New Suez channel helps to turn around National Marine Dredging

National Marine Dredging Company (NMDC), which was instrumental in delivering the New Suez Canal on time, has reported a significant turnaround in its fortunes for the second quarter.

It made a profit of Dh45 million, compared with a loss of Dh117m in the same period a year earlier. This was on the back of a trebling of revenue to Dh925m from Dh304m last year.

Revenue for the first six months of the year doubled to Dh1.4 billion – up from Dh693m last year – while a profit of Dh67m was declared, compared to a Dh155m loss in 2014.


A management report accompanying the accounts highlighted the company’s achievement in leading the consortium that completed the Suez Canal on time for its opening on August 6.

The chief executive Yasser Zaghloul last week said that the project was completed in nine-and-a-half months – way ahead of the 12-month deadline set by the Egyptian president Abdel Fattah El Sisi, or the three-year schedule that had originally been requested by engineers.

The company also said that it paid Dh125m for new equipment during the first six months of 2015 – namely a hopper dredger and a backhoe dredger.

These will “enhance capacity and improve operational efficiency”, it said.
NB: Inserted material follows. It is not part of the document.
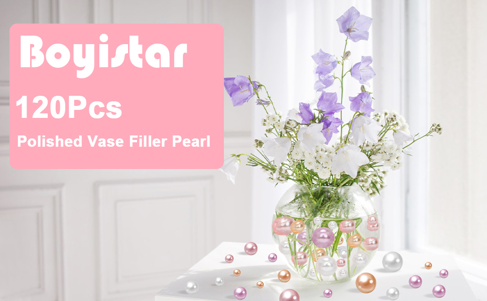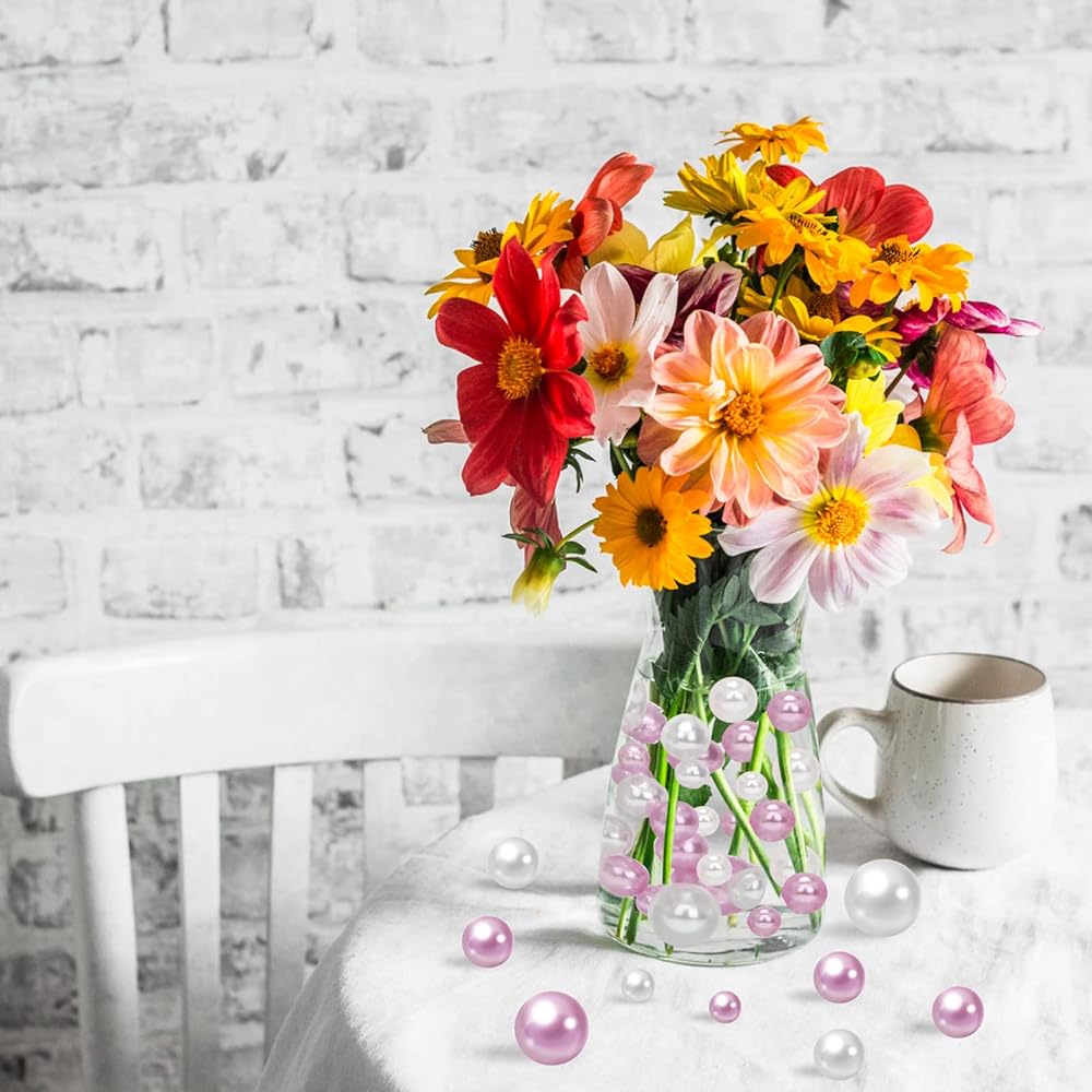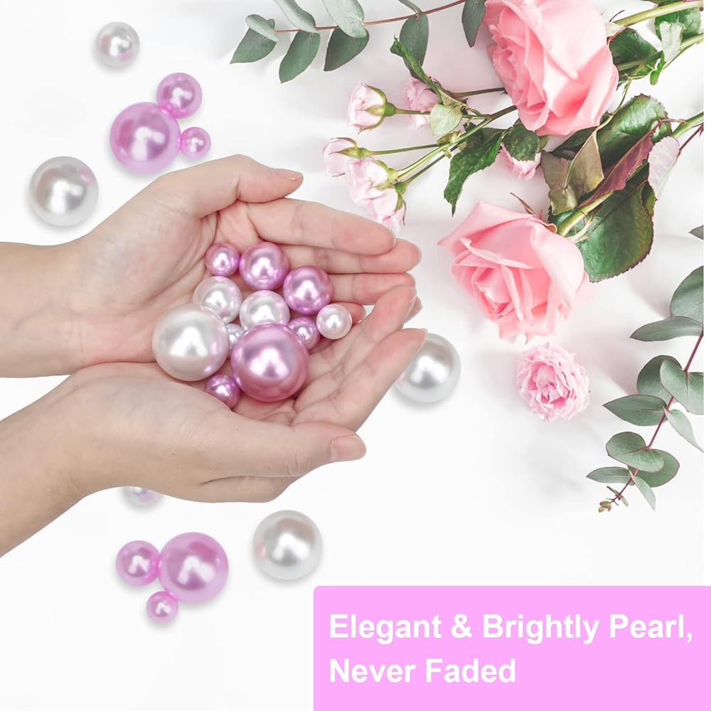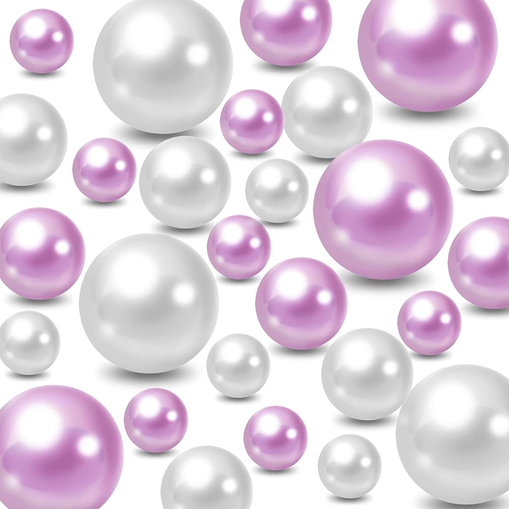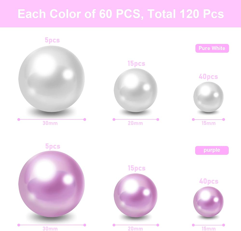 120 قطعة من حشو المزهرية العائمة، مزهرية بدون فتحات، خرز من اللؤلؤ بأحجام متنوعة، لؤلؤ صناعي دائري لحشو المزهرية، لآلئ لحامل الفرش، الحرف اليدوية، ديكور المنزل لؤلؤي (أرجواني + أبيض)

It now has a fleet of more than 30 vessels, according to its website.

NMDC was started in 1976 as a dredging division of Abu Dhabi National Oil Company and it remains as a largely government-held entity.

Currently, 32 per cent of its shares are held directly by the Abu Dhabi government and a further 20 per cent is held by Abu Dhabi United Group for Investment and Development – an entity that also owns Manchester City football club. About 41 per cent of NMDC’s shares are publicly owned.
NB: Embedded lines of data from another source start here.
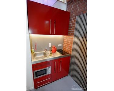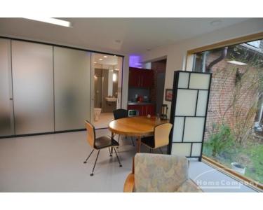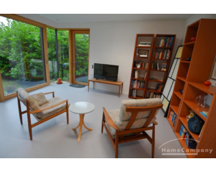 Ebenerdig betreten Sie das helle Appartement, das sich durch dicke, blickdichte Schiebewände wahlweise in einen großen, weiten Raum, oder in ein kleines Schlafzimmer (nur Sichtschutzrollos) und in einen mit nach zwei Seiten mit Terassen- und Fensterschiebewänden versehenen, offenen Wohn-/ Essraum mit Pantryküche verwandeln lässt.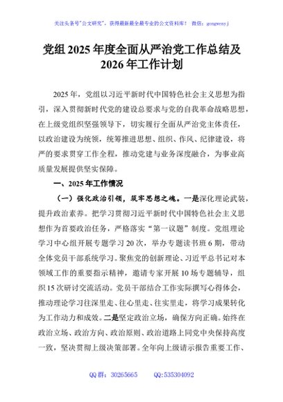 / 党组2025年度全面从严治党工作总结及2026年工作计划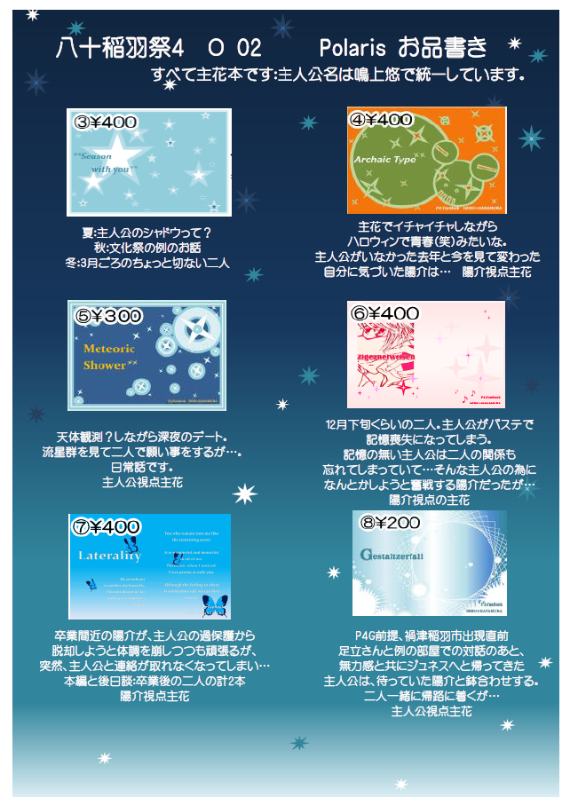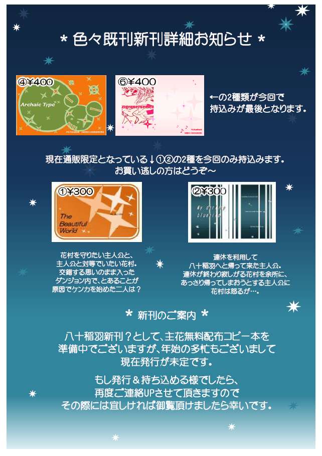 (緊急追記1・2・3)八十稲羽祭4お品書き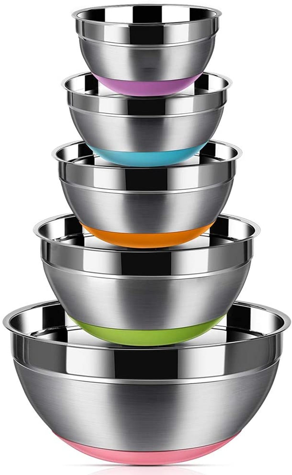 You want to make sure that you're using a bowl that has plenty of space for you to get in there and stir until everything is combined. I personally love this set of bowls, because it not only has a big boy for mixing my dry ingredients (and works fine if I want to double my recipe), but it also has other options for our wet ingredients. I also love the little colors on the bottoms of the bowls. It helps me know exactly what I want at a glance.Next up: wet ingredients.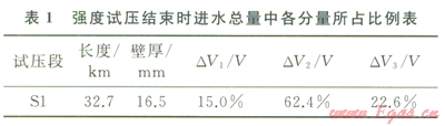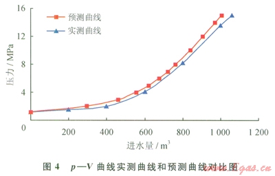 同時(shí),分析預(yù)測(cè)曲線中V的組成,其中DV1、DV2、DV3各自所占的比例見表l,由水壓縮性計(jì)算而得的DV3,其值超過(guò)DV1,是試壓進(jìn)水量的一個(gè)重要因素,不可在計(jì)算中忽略。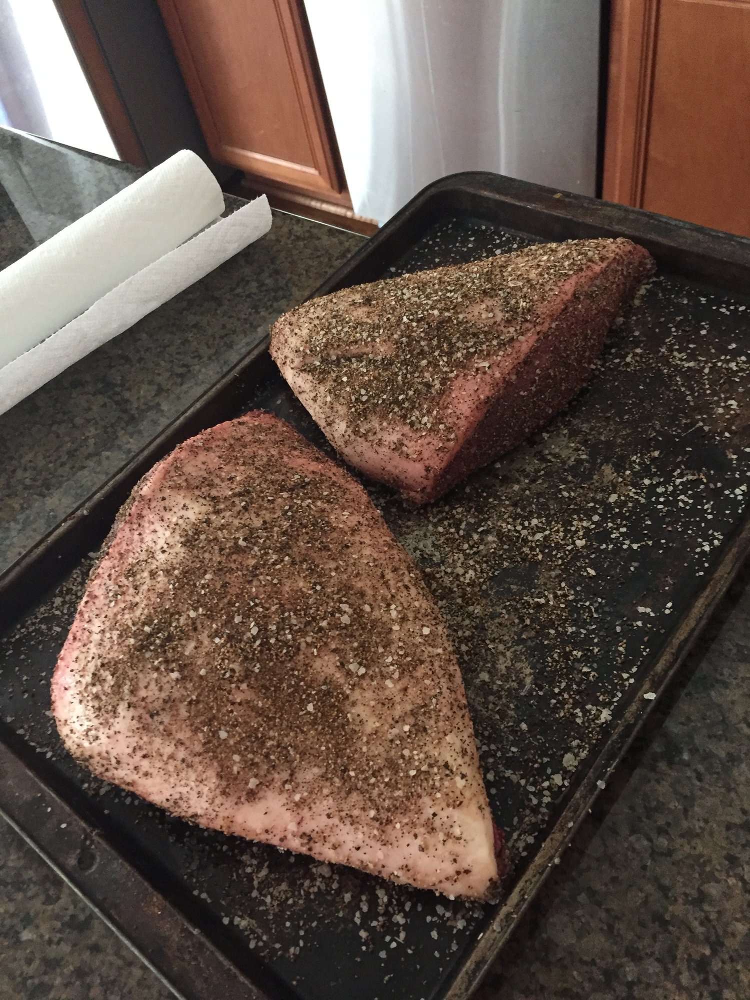 I got two going on today. My plan is reverse sear. Then one of them onto the cutting board with a little board sauce of garlic, parsley, rosemary and EVOO.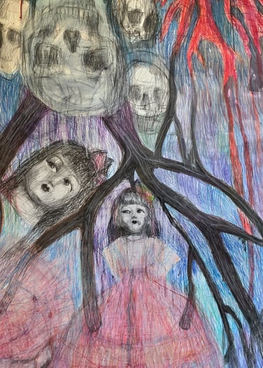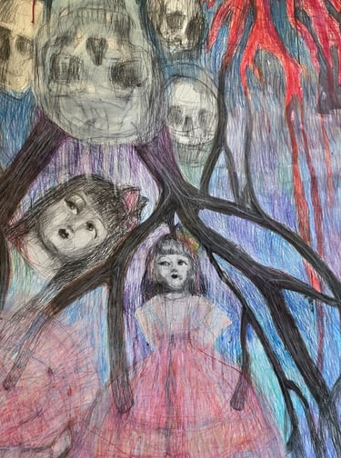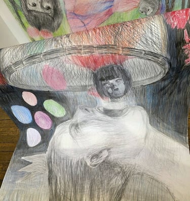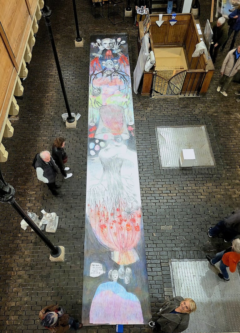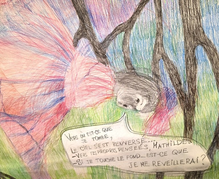 Mathilde au pays des merveilles. Crayons de couleur sur papier, 1,5 m x 10 m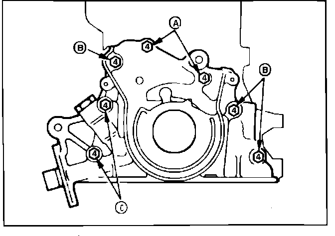 3. Reverse procedure to install. When installing timing case attaching bolts, refer to Fig. 31 and note that bolts to be installed in location A are 1.18 inch in length, bolts installed in location B are .79 inches in length and bolts installed in location C are 2.36 inches in length. When installing oil seal, lubricate seal lips with engine oil, then position seal on crankshaft and tap into timing case using tool No. MD998306. Before installing oil pan, apply sealer at the four front timing case and rear oil seal case to cylinder block mating surfaces. Torque front timing case attaching bolts to 9-10 ft. lbs. and oil pan attaching bolts to 4.5-5.5 ft. lbs.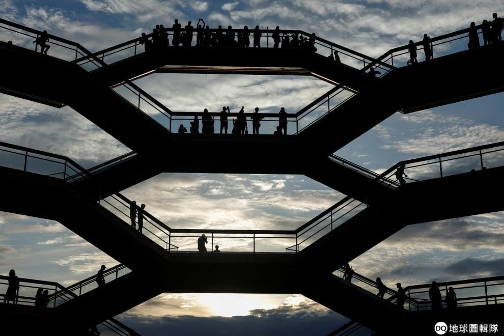 在紐約市西城的哈德遜城市廣場,民眾走在由 155座樓梯組成的大型公共藝術雕塑「血管」上。

Bassam Atiyeh, regional manager of the Belgian dredging firm Jan de Nul, which was part of the Suez Canal consortium, said that the regional dredging market is relatively quiet.
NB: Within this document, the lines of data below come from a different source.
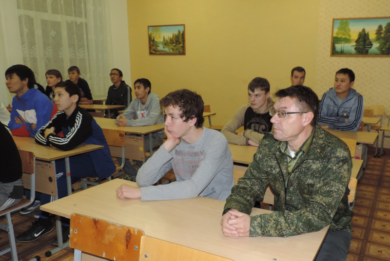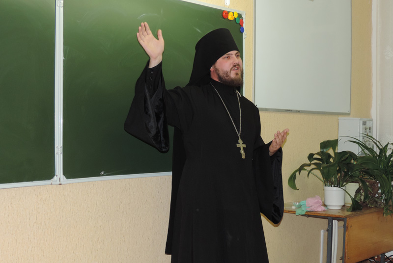 В этот день со старшеклассниками общались бойцы пограничных войск, МВД и МЧС. Батюшка пришел в школу, чтобы тоже пообщаться с ребятами, будущими защитниками нашего Отечества, на тему "Кто такой патриот". Ребята слушали батюшку с большим вниманием и задавали интересные вопросы, с любопытством слушая ответы. Священник, курсанты кадетского класса и педагоги остались довольны и наметили следующую встречу, которая пройдет в ближайшее время.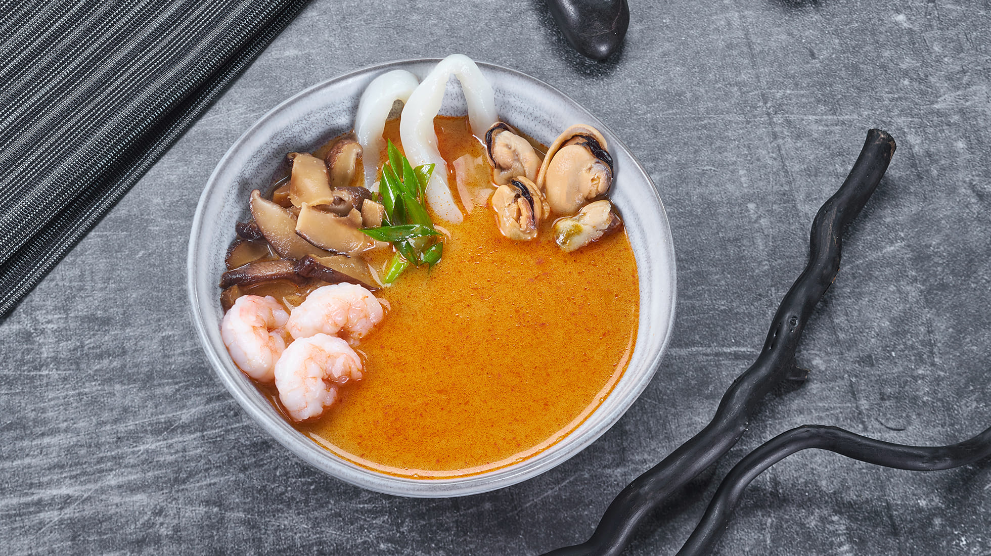 Мидии, кальмар, креветки, бульон том ям, грибы шиитаке, зеленый лук *Внешний вид блюда может отличаться от фото на сайте.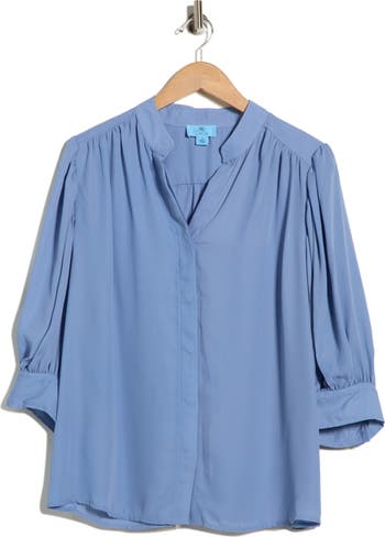 Perfect for the workday or weekend, this lightweight button-up shirt is framed by a split neck and gently puffed three-quarter sleeves for instant charm.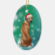 Na frente deste ornamento de Feriado está uma imagem de um cão Ridgeback rodesiano vestindo um chapéu de Papai Noel vermelho e branco. A imagem destaca-se em relação a um fundo verde gradiente e a um fundo azul. O verso do ornamento tem o mesmo fundo com texto branco personalizado que diz atualmente "Feliz Feliz ano novo de Natal" e a data.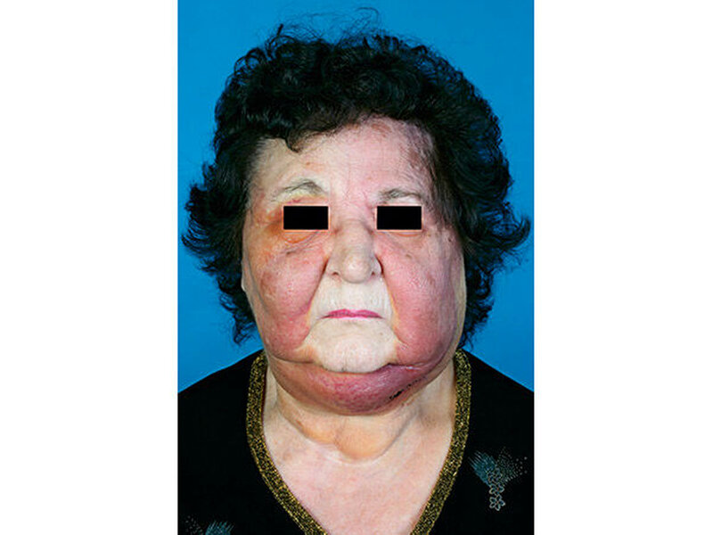 Eine 75-jährige Patientin, in gutem Allgemeinzustand und ohne relevante Nebendiagnosen, stellte sich mit einem ausgeprägten, schmerzhaften, rezidivierenden und bislang therapieresistenten, rötlichen Gesichtsödem der Gesichtshaut vor (Abbildung 1). Das Gesichtsödem trat erstmals nach einer Alveolarkammaugmentation mit bovinem Knochenersatzmaterial und der späteren Insertion von Zahnimplantaten im Ober- und im Unterkiefer acht Monate zuvor auf.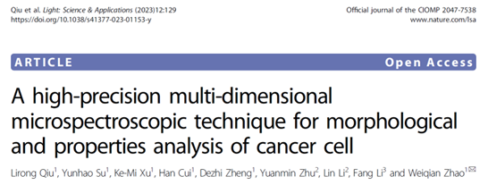 北京理工大學光電學院趙維謙教授課題組提出了具有高穩定、高分辨、抗散射的激光差動共焦拉曼-布里淵圖譜成像新原理,研制成功了相應的儀器,實現了樣品三維形貌、力學性能和化學組分的多維信息檢測,并與北京大學航天臨床醫學院(航天中心醫院)合作,利用該研制儀器對腫瘤組織進行了有效表征分析。相關工作發表在Light: Science & Applications上 (Light: Science & Applications,12, 129 (2023))。該研究工作以北京理工大學為第一通訊單位,趙維謙教授為通訊作者,邱麗榮教授為論文的第一作者。

“The market is OK. It’s certainly not the boom of 2005 to 2010, but at the same time it’s not totally dead. There are projects continuing.

“You can’t compare with 2003 to 2010. There were much more projects then. Until 2008 we did maybe 30 per cent of our entire turnover in the Middle East. Today that’s nearer 4 to 5 per cent.”

He said that there was still plenty of infrastructure work that will require dredging companies around the GCC, particularly in Saudi Arabia.

“There are still projects to come in Qatar and dredging work at the new port in Kuwait. Iran also has a lot of work to do, but that depends on the sanctions. If it does open, there is big potential there.”